Les chercheurs postdoctoraux Chunyu Lu et Benjamin Stenzler ont reçu un financement d'Accélération Mitacs en partenariat avec l'IDDPNQL pour faire avancer ce projet. Chunyu Lu conçoit une stratégie d'extraction d'hormones adaptée aux opérations sur le terrain, en visant l'efficacité économique, l'accessibilité et l'adaptation aux environnements extrêmes. En collaboration avec le Parc Oméga, l'équipe recueille des échantillons de leur population de caribous bien surveillée. 

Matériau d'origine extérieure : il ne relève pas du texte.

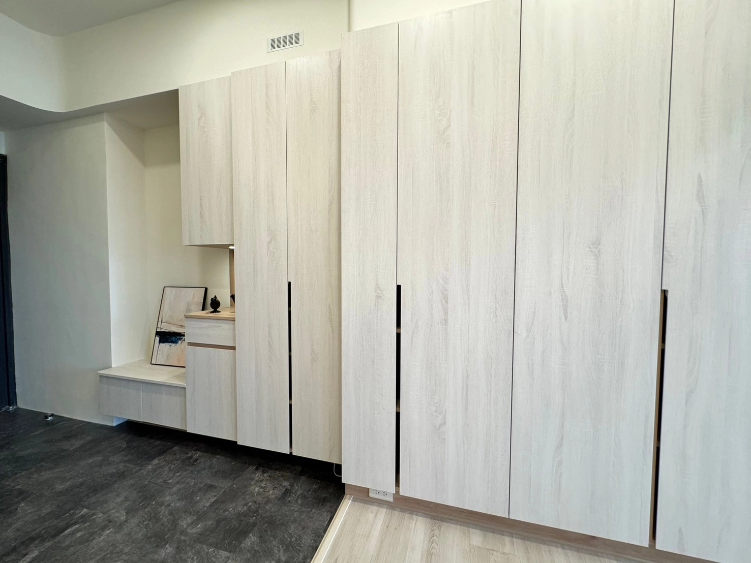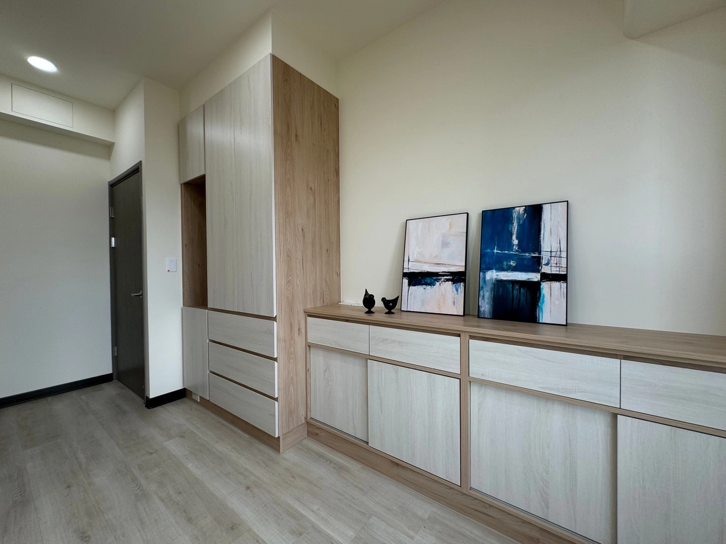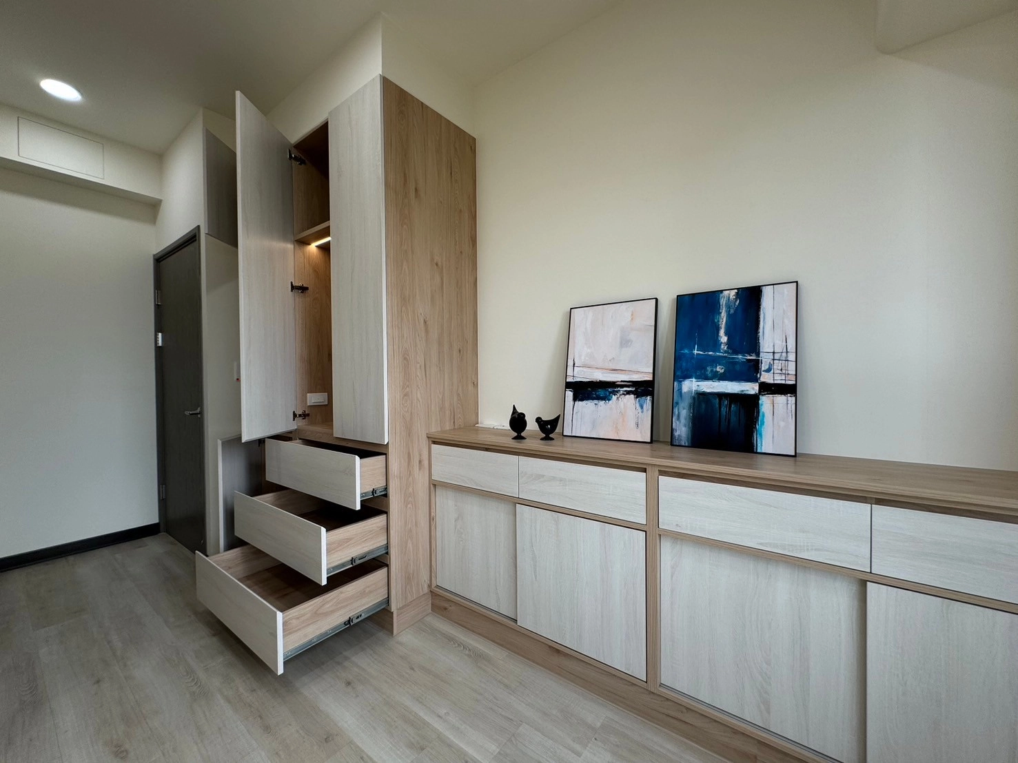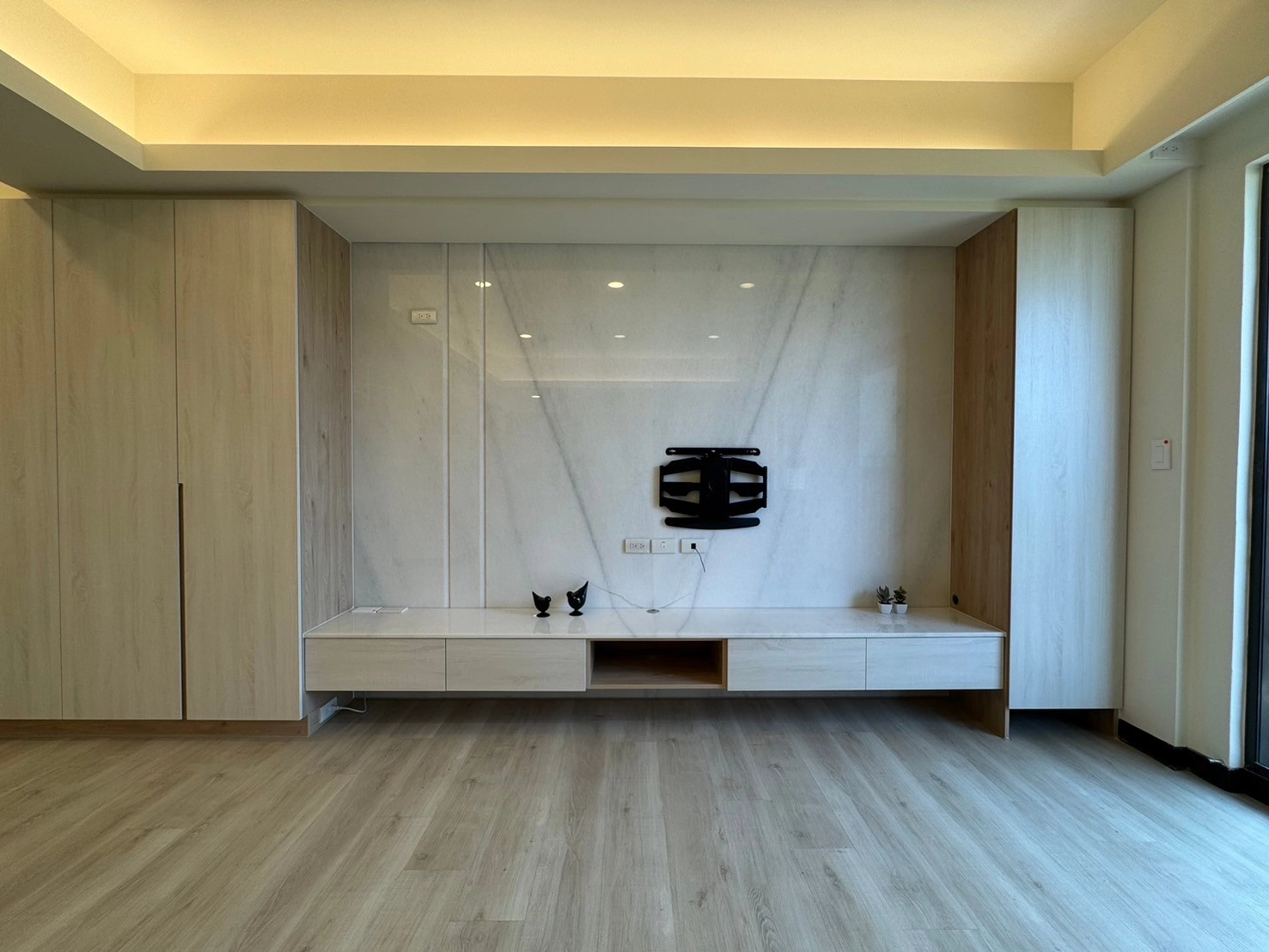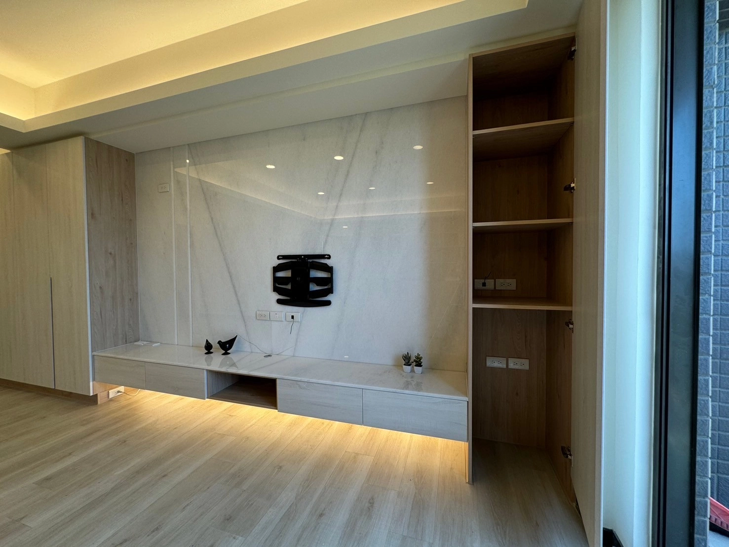 針對居家核心的收納需求,德盈靈活運用系統櫃設計,將立面牆轉化為高效收納區。簡約門片不僅能輕鬆隱藏生活雜物,更能隨時維持空間的俐落美感。此外,透過客製化系統家具與開放式動線規劃,無論是多功能櫃體或造型電視牆,皆能精準貼合屋主的生活習慣。德盈台南室內設計不只追求美觀,更在乎機能與溫度的平衡,為您落實最有質感的理想居家生活。

Benjamin Stenzler, quant à lui, construit des biosenseurs à base de levure et les optimise pour une utilisation sur le terrain. S'appuyant sur l'expertise de l'équipe en microbiologie (étude de la biologie des organismes microscopiques) et en endocrinologie (étude de la sécrétion hormonale), l’équipe peaufine des biosenseurs adaptés à évaluation de la santé des caribous. Ils procéderont ensuite à des validations sur le terrain afin de sélectionner ceux qui répondent le mieux aux besoins de leurs partenaires autochtones.

Le suivi de la santé des caribous n'est pas une tâche facile, nécessitant une collaboration multidimensionnelle. En plus des contributions cruciales de l'IDDPNQL et de nombreuses Premières Nations du Québec et du Labrador, Phillipe Thomas (biologiste de la faune à ECCC) contribue en reliant les mesures indirectes de santé par l'analyse des métabolites d'hormones fécales à l'état et aux trajectoires de la population. Les résultats de ce projet informeront le Consortium national du savoir sur le caribou boréal (CNSCB) et guideront les décisions vidant à établir des critères pour l’évaluation de la santé des caribous.

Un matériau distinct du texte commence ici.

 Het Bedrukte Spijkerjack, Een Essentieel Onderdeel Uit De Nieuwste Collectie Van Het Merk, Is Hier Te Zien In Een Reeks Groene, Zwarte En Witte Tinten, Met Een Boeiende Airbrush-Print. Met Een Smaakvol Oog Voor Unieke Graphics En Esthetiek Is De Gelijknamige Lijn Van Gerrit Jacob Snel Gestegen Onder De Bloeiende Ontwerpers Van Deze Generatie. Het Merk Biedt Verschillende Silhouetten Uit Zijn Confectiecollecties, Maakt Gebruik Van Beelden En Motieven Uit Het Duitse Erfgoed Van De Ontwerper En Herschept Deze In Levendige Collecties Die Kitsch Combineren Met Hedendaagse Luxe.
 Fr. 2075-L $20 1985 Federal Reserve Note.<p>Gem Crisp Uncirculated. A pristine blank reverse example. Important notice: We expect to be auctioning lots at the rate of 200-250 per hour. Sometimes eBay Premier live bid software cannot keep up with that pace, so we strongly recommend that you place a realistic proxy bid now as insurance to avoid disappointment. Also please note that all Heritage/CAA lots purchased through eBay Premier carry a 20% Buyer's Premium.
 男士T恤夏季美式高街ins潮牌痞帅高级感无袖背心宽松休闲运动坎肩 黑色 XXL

À mesure que la recherche progresse, les professeurs Poulain et Trudeau rentent engagés à maintenir des normes éthiques et à favoriser des partenariats respectueux avec les communautés autochtones impliquées. Faisant écho aux principes de l'IDDPNQL, ils veillent à ce que les droits ancestraux et issus de traités des Premières nations participant à la recherche soient respectés et que leurs voix soient entendues. Cet engagement souligne leur profond respect pour le savoir et la souveraineté autochtones, établissant une norme pour des pratiques de recherche responsables en matière de conservation de l'environnement.

Grâce à cet effort de collaboration, la surveillance menée par les Autochtones promet de préserver l'avenir des populations de caribous et d’honorer la gestion autochtone du territoire.